[Stored items]

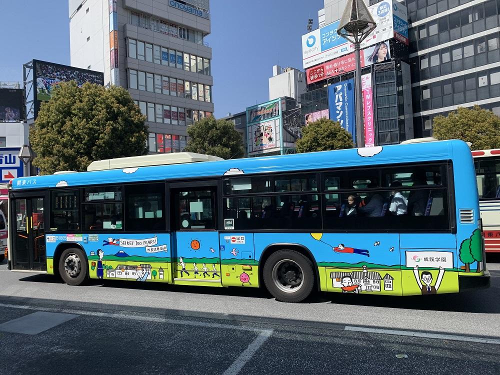 関東バスと西武バスで、それぞれ異なるデザインのオリジナルラッピングバスを運行。吉祥寺・成蹊学園の現在と、池袋時代の成蹊学園をテーマに、吉祥寺の街や学園のシンボルとも言える建物や公園、校舎などが、個性豊かな人や動物らとともに描かれています。
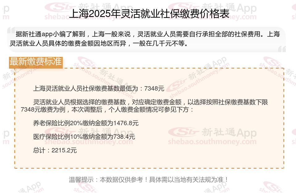 一、2025年上海灵活就业社保缴费标准表,据新社通小编了解到,上海社保公积金缴费基数为:3579.00元。
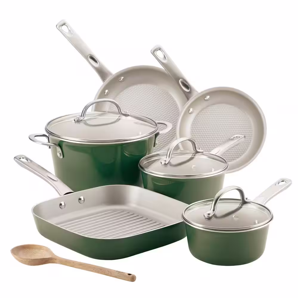 Ayesha Curry Ayesha Home Collection Porcelain Enamel Nonstick Cookware Set, 10-Piece, Basil Green
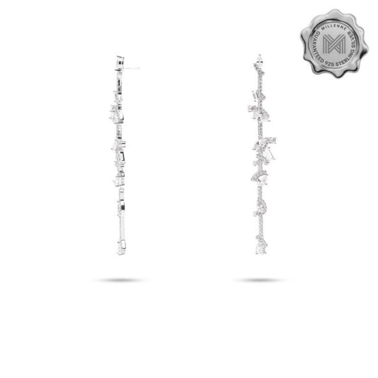 MILLENNE Made For The Night Scattered Diamond Cubic Zirconia Rhodium Drop Earrings with 925 Sterling Silver
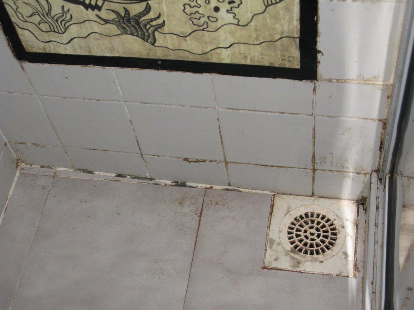 Duschablaufbeschriebener, nicht gereinigter Duschablauf
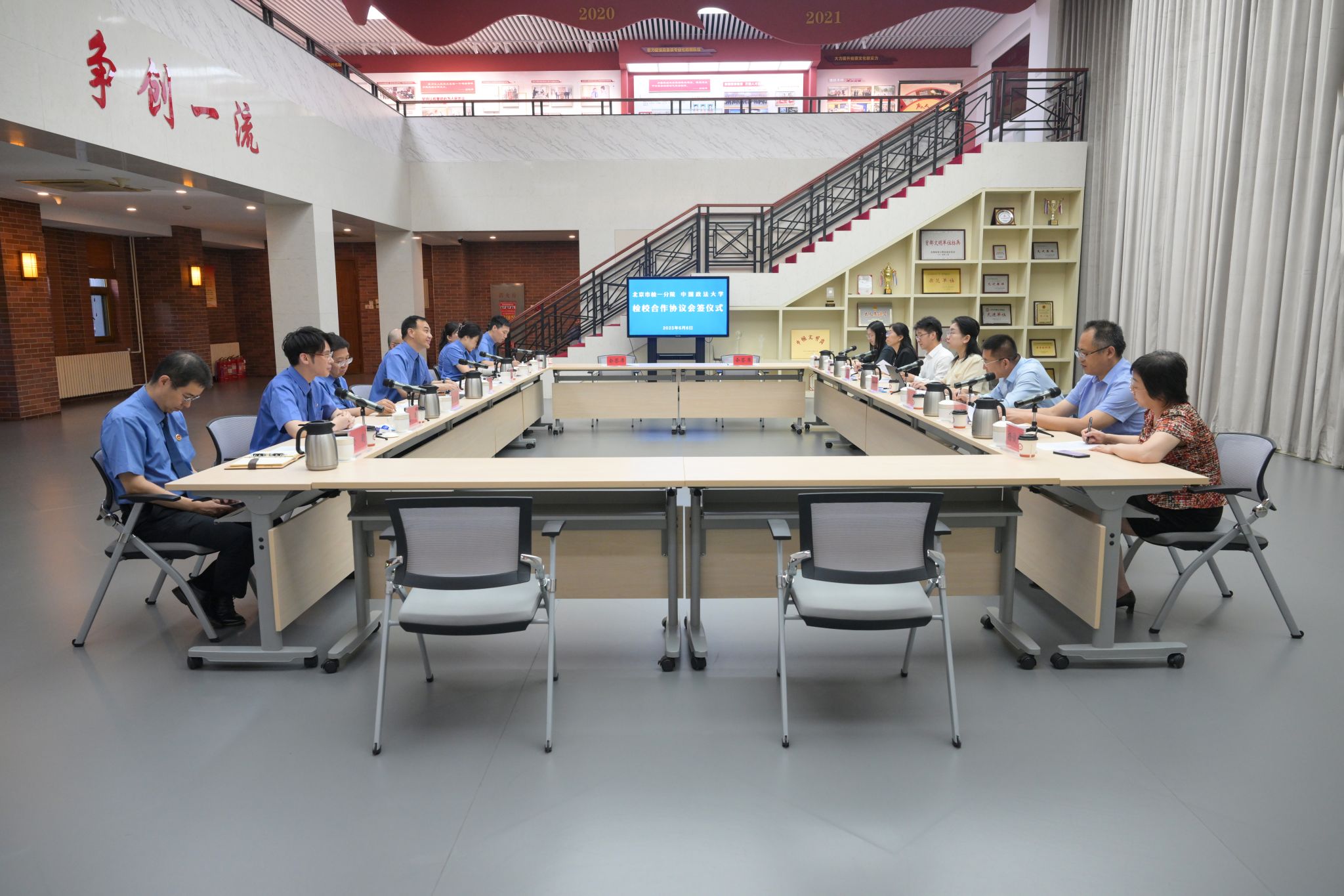 6月6日,证据科学研究院赴北京市人民检察院第一分院举行校检合作协议会签仪式。党委常委、副校长刘艳红,证据科学研究院党委书记尚武、院长彭文华,北京市检一分院党组书记、检察长余飞,党组成员、副检察长张际枫,党组成员、政治部主任袁煜驰及各部门负责人等出席会议。
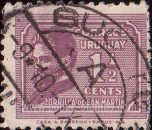 Уругвай, 1932, 1 P. П. высокая. 11 (1/2). красно-коричневая

Problem
In the answer, give only the lines from the top of the data above through the line with "Duschablaufbeschriebener, nicht gereinigter", reproduced exactly; no picture may appear.

Solution to the exercise
 関東バスと西武バスで、それぞれ異なるデザインのオリジナルラッピングバスを運行。吉祥寺・成蹊学園の現在と、池袋時代の成蹊学園をテーマに、吉祥寺の街や学園のシンボルとも言える建物や公園、校舎などが、個性豊かな人や動物らとともに描かれています。
 一、2025年上海灵活就业社保缴费标准表,据新社通小编了解到,上海社保公积金缴费基数为:3579.00元。
 Ayesha Curry Ayesha Home Collection Porcelain Enamel Nonstick Cookware Set, 10-Piece, Basil Green
 MILLENNE Made For The Night Scattered Diamond Cubic Zirconia Rhodium Drop Earrings with 925 Sterling Silver
 Duschablaufbeschriebener, nicht gereinigter Duschablauf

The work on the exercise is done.